:: Exercise details ::
Up to and including the line holding "This page presents", write out the data exactly from its first line, but not the pictures.

:: Exercise data ::
============================================================

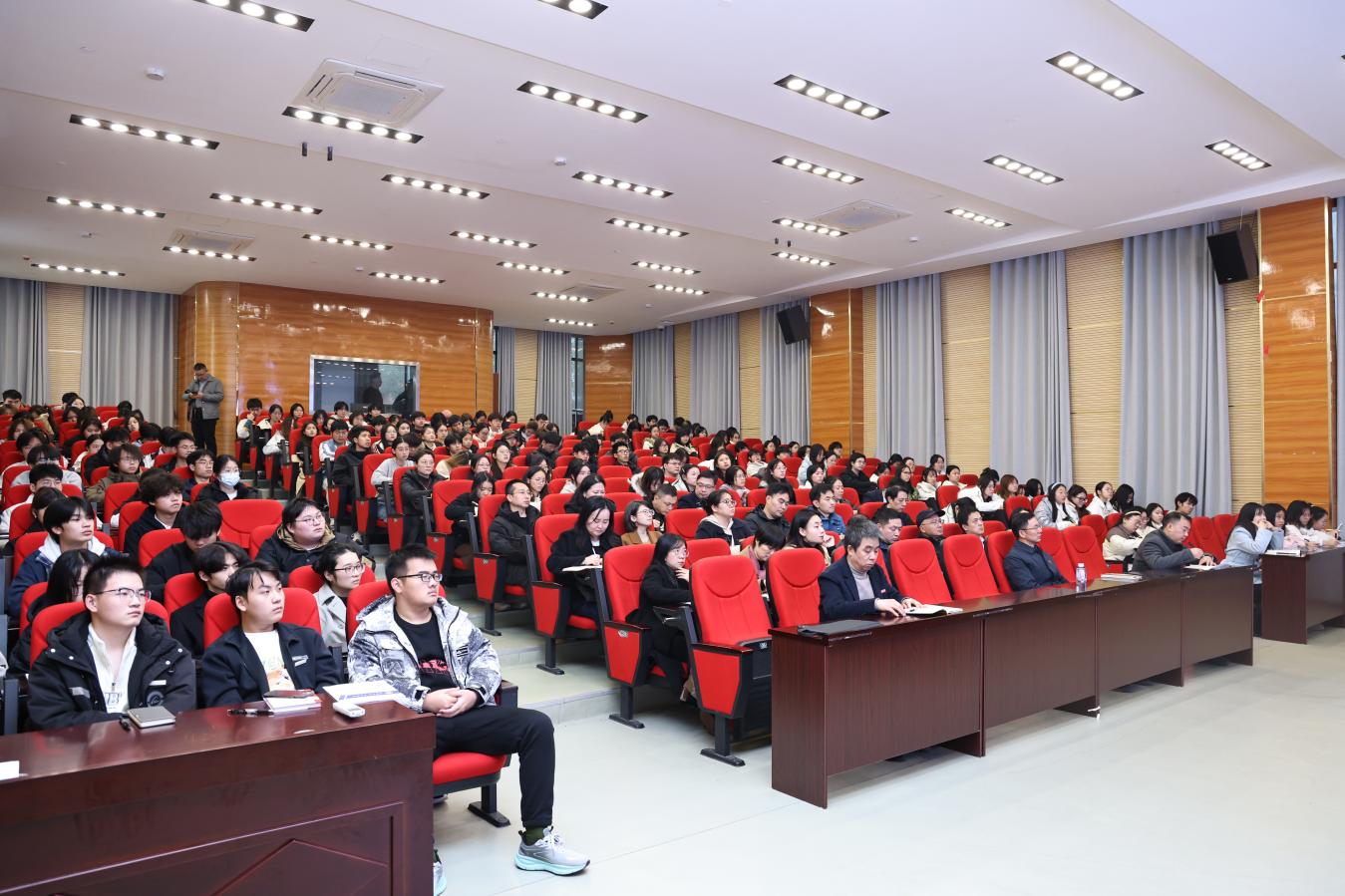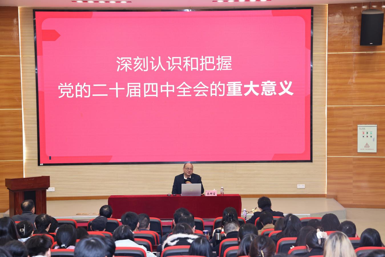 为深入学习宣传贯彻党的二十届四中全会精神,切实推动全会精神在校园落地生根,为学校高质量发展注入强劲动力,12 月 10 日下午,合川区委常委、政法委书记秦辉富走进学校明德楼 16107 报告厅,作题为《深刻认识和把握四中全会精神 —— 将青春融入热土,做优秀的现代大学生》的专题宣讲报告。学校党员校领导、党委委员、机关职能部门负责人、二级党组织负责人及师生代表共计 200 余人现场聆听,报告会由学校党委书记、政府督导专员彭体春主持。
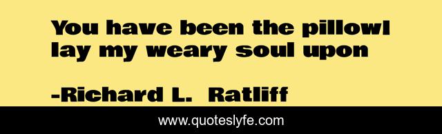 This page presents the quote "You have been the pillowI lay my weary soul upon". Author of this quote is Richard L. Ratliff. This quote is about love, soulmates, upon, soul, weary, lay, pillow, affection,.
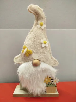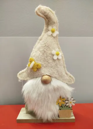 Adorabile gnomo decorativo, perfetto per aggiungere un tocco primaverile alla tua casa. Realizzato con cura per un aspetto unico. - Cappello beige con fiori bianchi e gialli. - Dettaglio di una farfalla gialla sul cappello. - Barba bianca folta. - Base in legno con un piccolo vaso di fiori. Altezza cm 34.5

============================================================

:: Solved exercise ::
 为深入学习宣传贯彻党的二十届四中全会精神,切实推动全会精神在校园落地生根,为学校高质量发展注入强劲动力,12 月 10 日下午,合川区委常委、政法委书记秦辉富走进学校明德楼 16107 报告厅,作题为《深刻认识和把握四中全会精神 —— 将青春融入热土,做优秀的现代大学生》的专题宣讲报告。学校党员校领导、党委委员、机关职能部门负责人、二级党组织负责人及师生代表共计 200 余人现场聆听,报告会由学校党委书记、政府督导专员彭体春主持。
 This page presents the quote "You have been the pillowI lay my weary soul upon". Author of this quote is Richard L. Ratliff. This quote is about love, soulmates, upon, soul, weary, lay, pillow, affection,.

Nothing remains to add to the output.